--- Collected material Enclosed Below ---

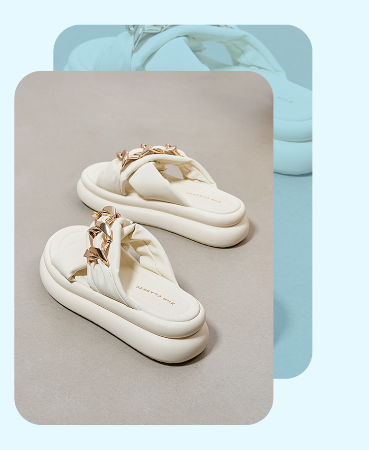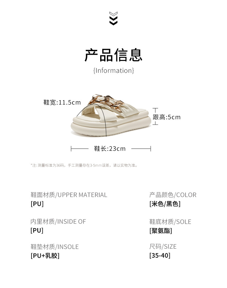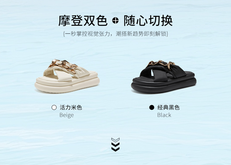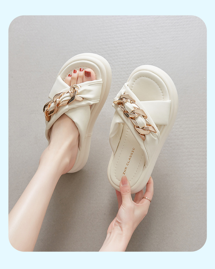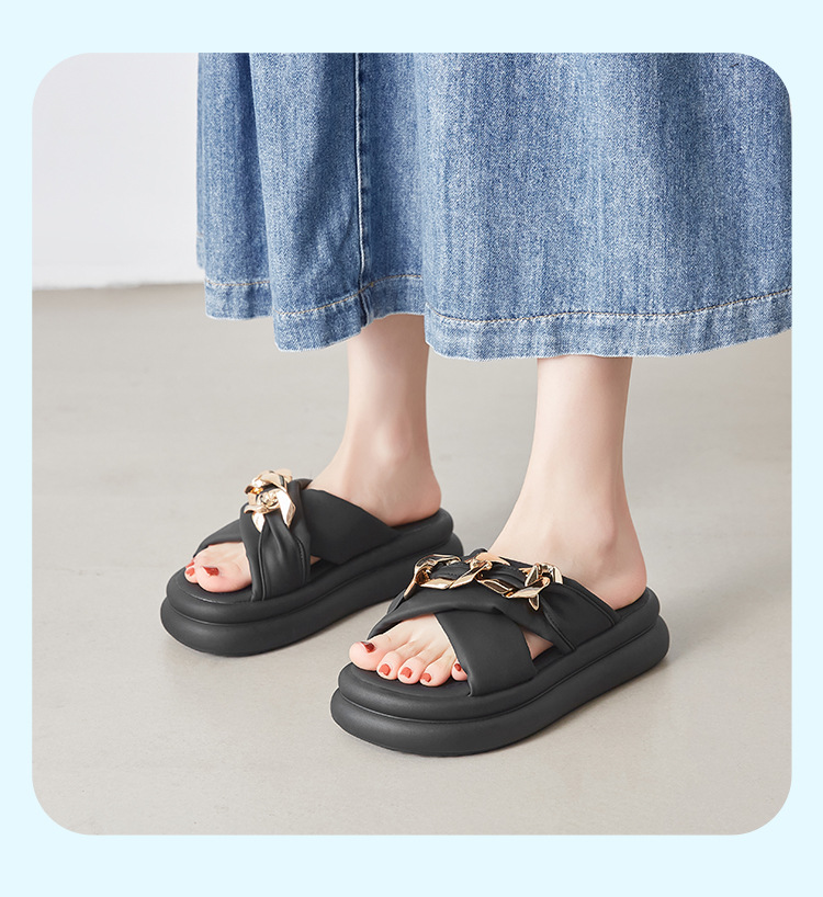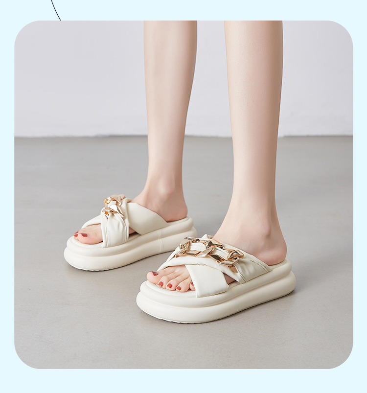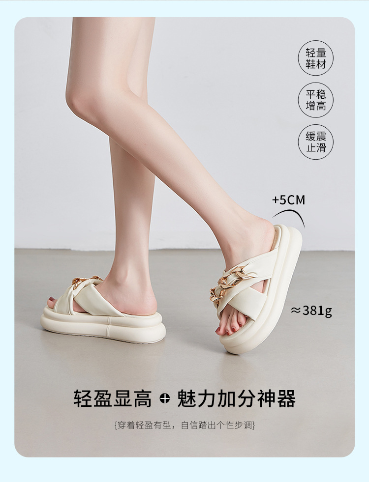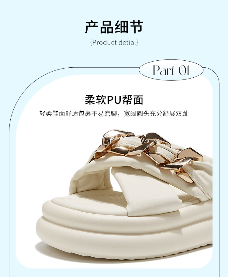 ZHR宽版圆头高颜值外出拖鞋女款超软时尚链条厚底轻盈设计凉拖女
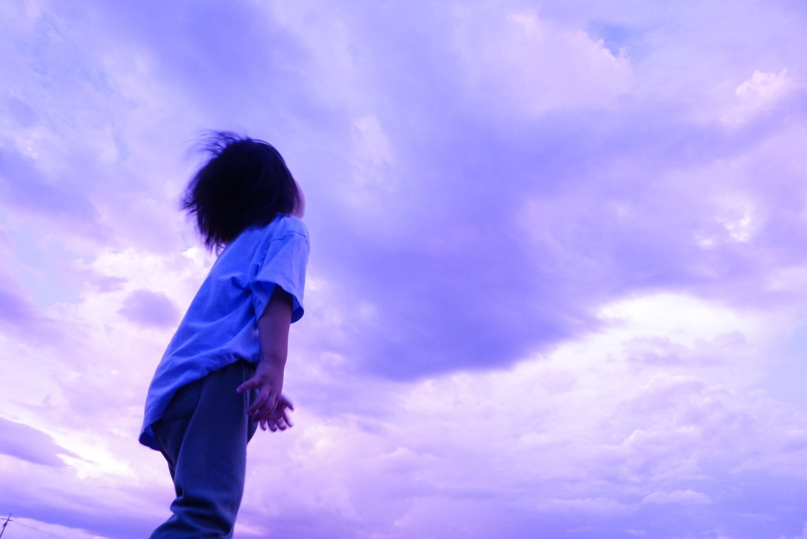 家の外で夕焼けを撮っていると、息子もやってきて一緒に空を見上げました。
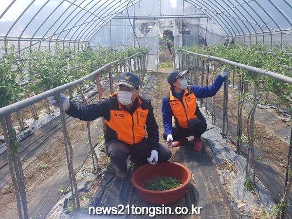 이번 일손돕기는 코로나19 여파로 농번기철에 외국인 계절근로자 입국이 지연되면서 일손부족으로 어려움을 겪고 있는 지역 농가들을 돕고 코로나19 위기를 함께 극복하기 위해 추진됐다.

--- End of Enclosed Collected material ---

Your goal: When you retype the listing above, keep each line exactly as written and drop the pictures.

Written solution:
 ZHR宽版圆头高颜值外出拖鞋女款超软时尚链条厚底轻盈设计凉拖女
 家の外で夕焼けを撮っていると、息子もやってきて一緒に空を見上げました。
 이번 일손돕기는 코로나19 여파로 농번기철에 외국인 계절근로자 입국이 지연되면서 일손부족으로 어려움을 겪고 있는 지역 농가들을 돕고 코로나19 위기를 함께 극복하기 위해 추진됐다.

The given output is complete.